- [Brief]: Copy exactly the lines of the data below, beginning with the line with "場內(nèi)忙而不亂,場外" and ending with the line with "R 奥沙利文 [5] 13-4 庞俊旭 [27] 详情". Pictures are to be omitted.

- [Supplied material]:
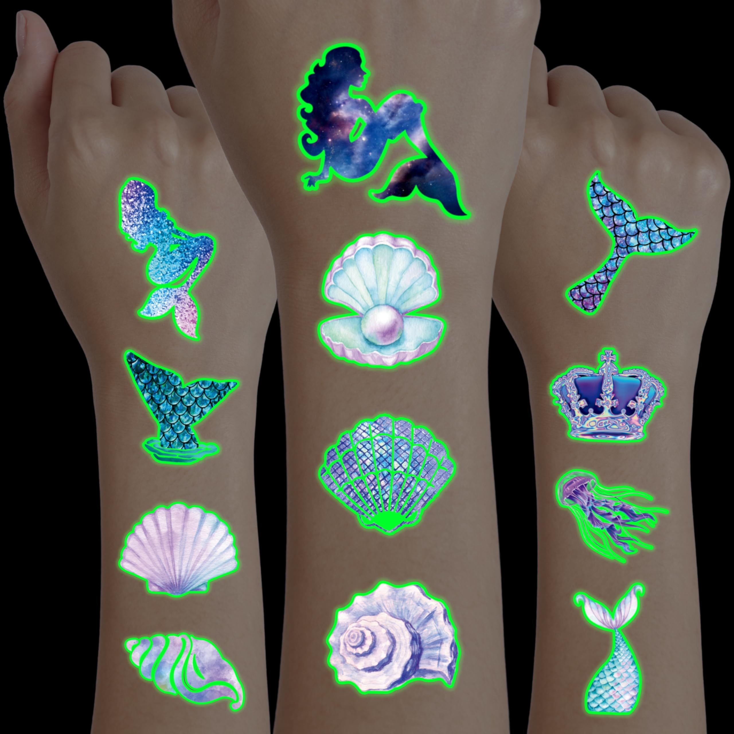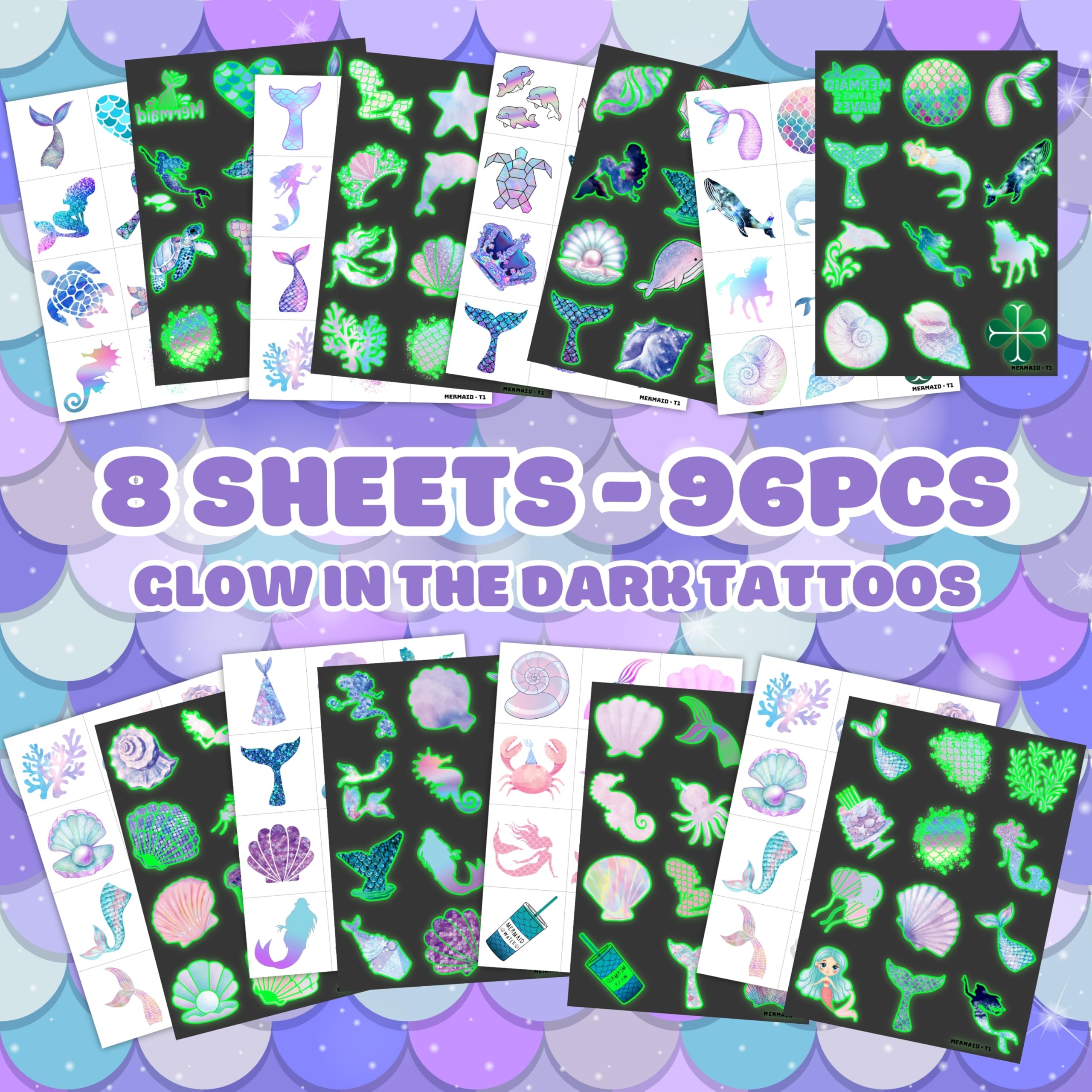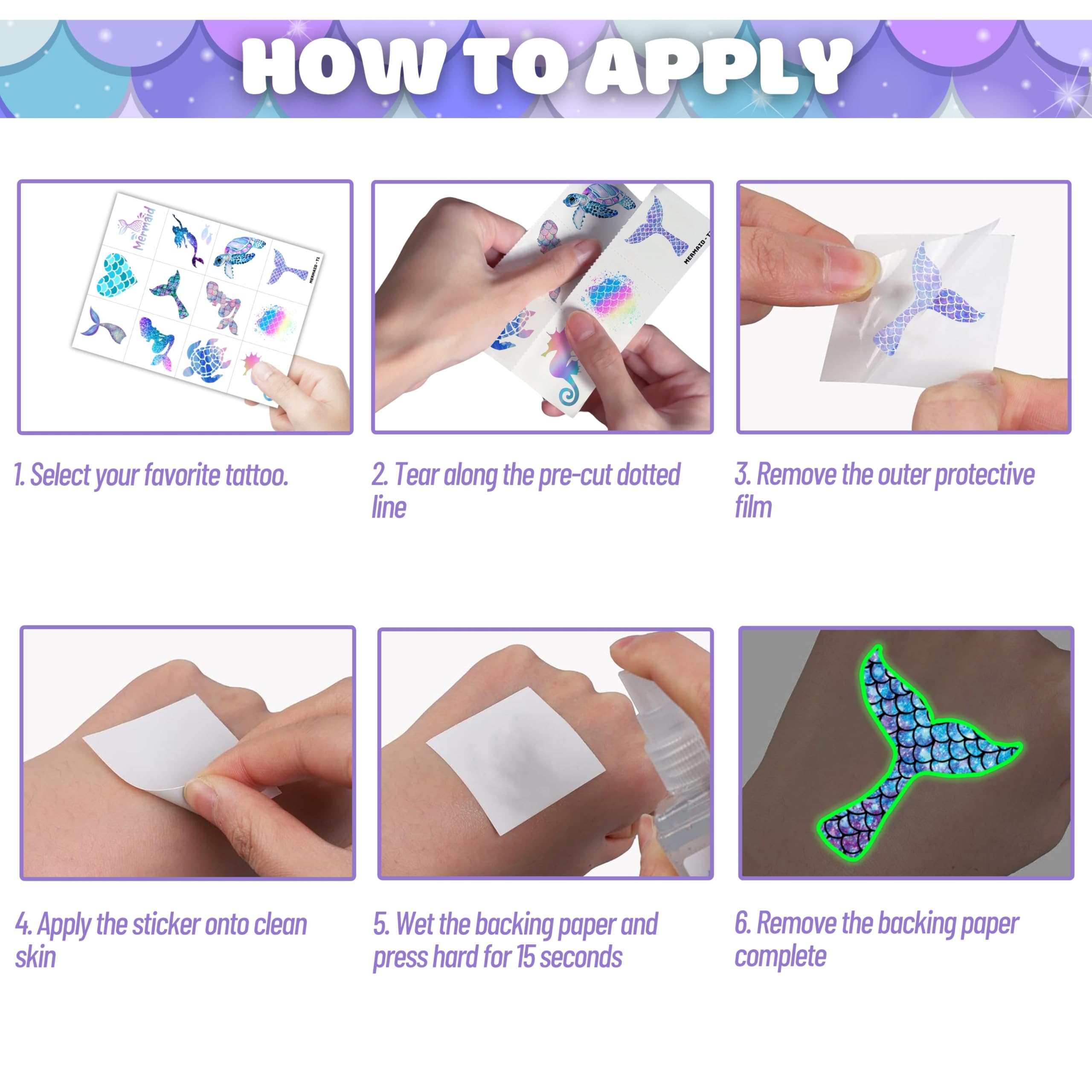 🎉【PERFECT PRE-CUT TATTOOS FOR THEMED MERMAID DECORATIONS】: Mermaid pre-cut temporary tattoo stickers include 8 sheets, featuring 96 adorable and unique designs. These tattoos are perfect for party favors, holiday-themed small gifts, and fun surprises. Each sheet measures 16 x 12 cm (6.3 x 4.7 inches)—a perfect size for kids! Thanks to the pre-cut perforated lines, you can easily tear them apart by hand—no scissors needed! 🎁【GREAT GIFT IDEAS FOR MERMAID PARTY SUPPLIES & DECORATIONS】: Add a magical touch to your child's birthday party with these Mermaid-themed pre-cut tattoos! Featuring under-the-sea elements, seashells, dolphins, sparkles, pink, purple, and little mermaids, these tattoos perfectly complement any mermaid party. They're a fun and thoughtful gift that kids will love! 🌍【SAFE AND ENVIRONMENTALLY CONSCIOUS】: Our pre-cut temporary tattoos are made from safe, non-toxic, and eco-friendly materials. Printed on high-quality, sustainable paper, they are completely safe for kids while also being environmentally friendly. 🥳【ADD A TOUCH OF FUN】: Looking for a unique gift? Our adorable and vibrant mermaid pre-cut tattoos can be applied to laptops, backpacks, desks, suitcases, books, water cups, and more! These playful designs will add a touch of magic to everyday items and make any occasion more special. 🌴【EASY TO USE & REMOVE - NO SCISSORS REQUIRED】: Each tattoo is pre-cut for convenience—simply tear it out by hand! To apply, place the tattoo on your skin, wet it thoroughly with water, and wait 20-30 seconds. The backing paper will peel off effortlessly, leaving a smooth and vibrant tattoo. They can also be applied to clothes, glasses, or any smooth surface. To remove, simply use soap and water. 👍【PERFECT CUSTOMER SERVICE】: If you have any difficulties using our product, feel free to contact us. We’re committed to providing excellent support and ensuring you have a fantastic shopping experience. ⚠️ This product is not recommended for individuals with sensitive skin. We advise testing on a small patch of skin, such as the hand, before applying it to larger areas. If irritation occurs, discontinue use immediately.
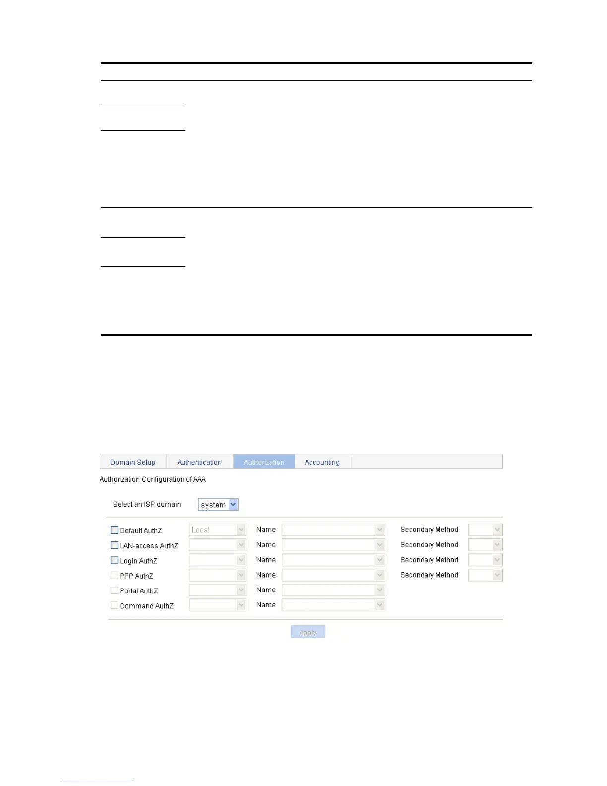 Select Authentication AAA from the navigation tree and then select the Authorization tab to enter the
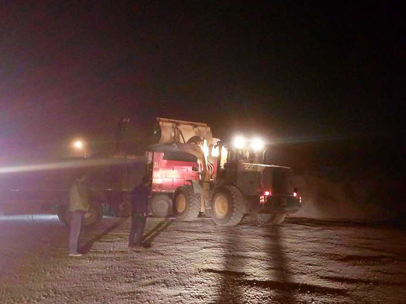 場內(nèi)忙而不亂,場外各司其職。根據(jù)市文體中心項目進(jìn)度安排,有些水穩(wěn)及瀝青鋪設(shè)工序要安排在夜間或凌晨實施。為了保證工序順利實施,機(jī)械公司根據(jù)項目進(jìn)度安排提前組織生產(chǎn)路面材料,有時一干就是連軸轉(zhuǎn)的幾天幾夜,保證路面材料24小時隨時足量供應(yīng)到施工現(xiàn)場;為了保證工程質(zhì)量標(biāo)準(zhǔn)嚴(yán)格符合要求,實驗室根據(jù)施工內(nèi)容分派人員進(jìn)入路面材料生產(chǎn)一線和材料鋪裝一線,隨時按要求對材料的生產(chǎn)、運(yùn)輸、鋪裝、壓實等各個環(huán)節(jié)進(jìn)行質(zhì)量跟蹤檢測。
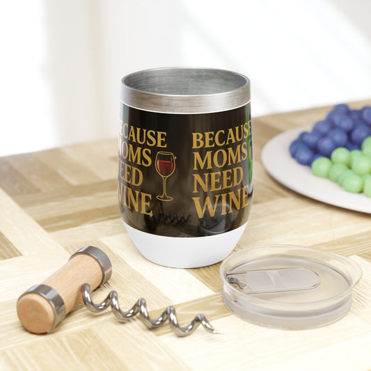 Because Moms Need Wine - 12oz Insulated Stainless Steel Wine Tumbler with Lid
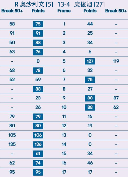 R 奥沙利文 [5] 13-4 庞俊旭 [27] 详情
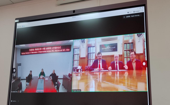 旁遮普大学校长哈立德·马哈茂德教授正式在两校合作备忘录上签字,旁遮普大学历史与巴基斯坦研究系主任麦哈布·侯赛因教授作为见证人在两校合作备忘录上签字。
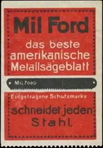 Mil Ford das beste amerikanische Metallsägeblatt schneidet jeden Stahl, Größe/Zustand: 6x4 , guter Zustand, Original alte Reklamemarke die seinerzeit für die Werbung benutzt wurde
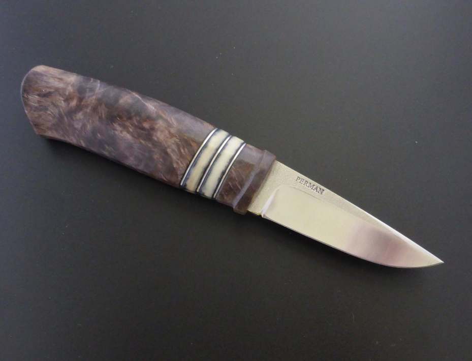 70 mm. long blade in Elmax, handle in masurbirch, giraff bone and pewter spacers 🙂
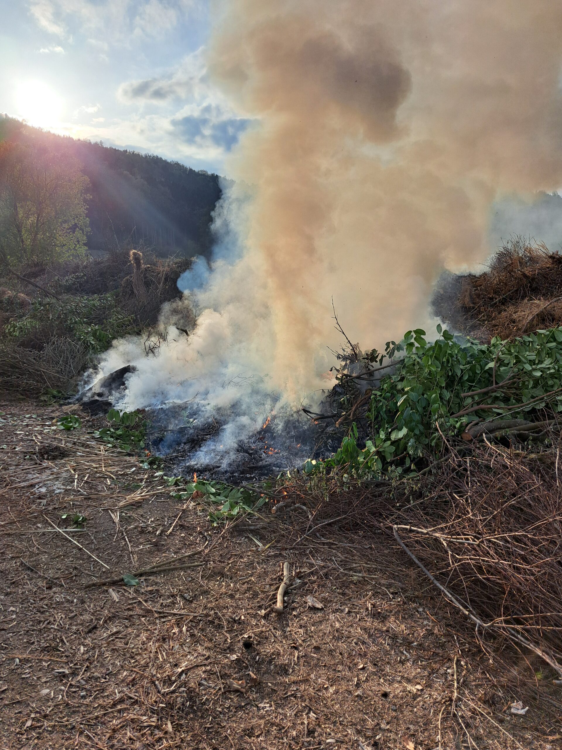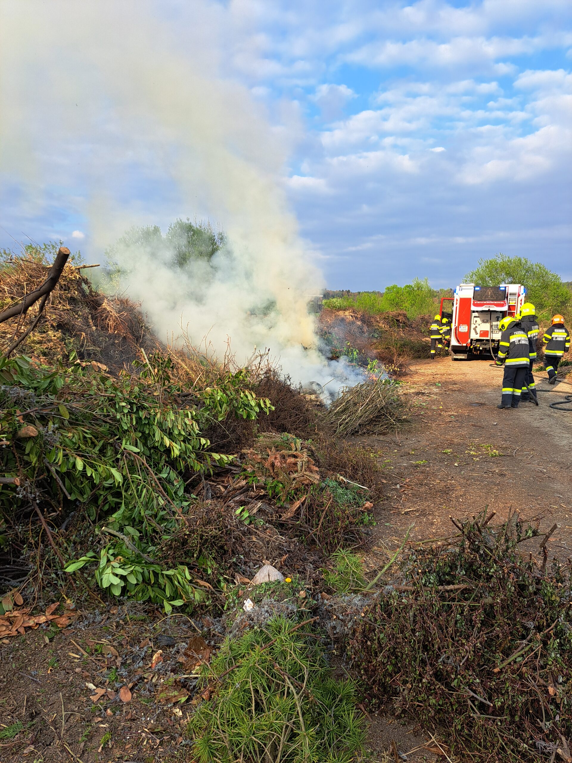 Am frühen Abend des 15. April 2026 wurden wir zu einer Rauchentwicklung in die Au alarmiert. Beim Eintreffen am Einsatzort stellte sich die Lage als Brand eines Grünschnittplatzes in der Entstehungsphase dar.
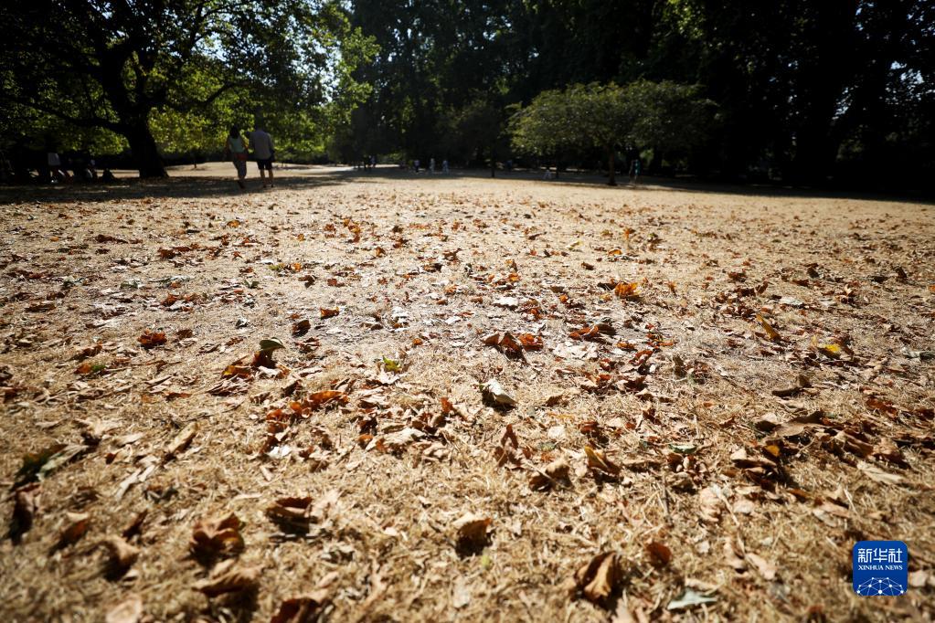 8月13日,在英國倫敦圣詹姆斯公園,人們走過(guò)枯黃的草地。

- [Response to this task]:
 場內(nèi)忙而不亂,場外各司其職。根據(jù)市文體中心項目進(jìn)度安排,有些水穩(wěn)及瀝青鋪設(shè)工序要安排在夜間或凌晨實施。為了保證工序順利實施,機(jī)械公司根據(jù)項目進(jìn)度安排提前組織生產(chǎn)路面材料,有時一干就是連軸轉(zhuǎn)的幾天幾夜,保證路面材料24小時隨時足量供應(yīng)到施工現(xiàn)場;為了保證工程質(zhì)量標(biāo)準(zhǔn)嚴(yán)格符合要求,實驗室根據(jù)施工內(nèi)容分派人員進(jìn)入路面材料生產(chǎn)一線和材料鋪裝一線,隨時按要求對材料的生產(chǎn)、運(yùn)輸、鋪裝、壓實等各個環(huán)節(jié)進(jìn)行質(zhì)量跟蹤檢測。
 Because Moms Need Wine - 12oz Insulated Stainless Steel Wine Tumbler with Lid
 R 奥沙利文 [5] 13-4 庞俊旭 [27] 详情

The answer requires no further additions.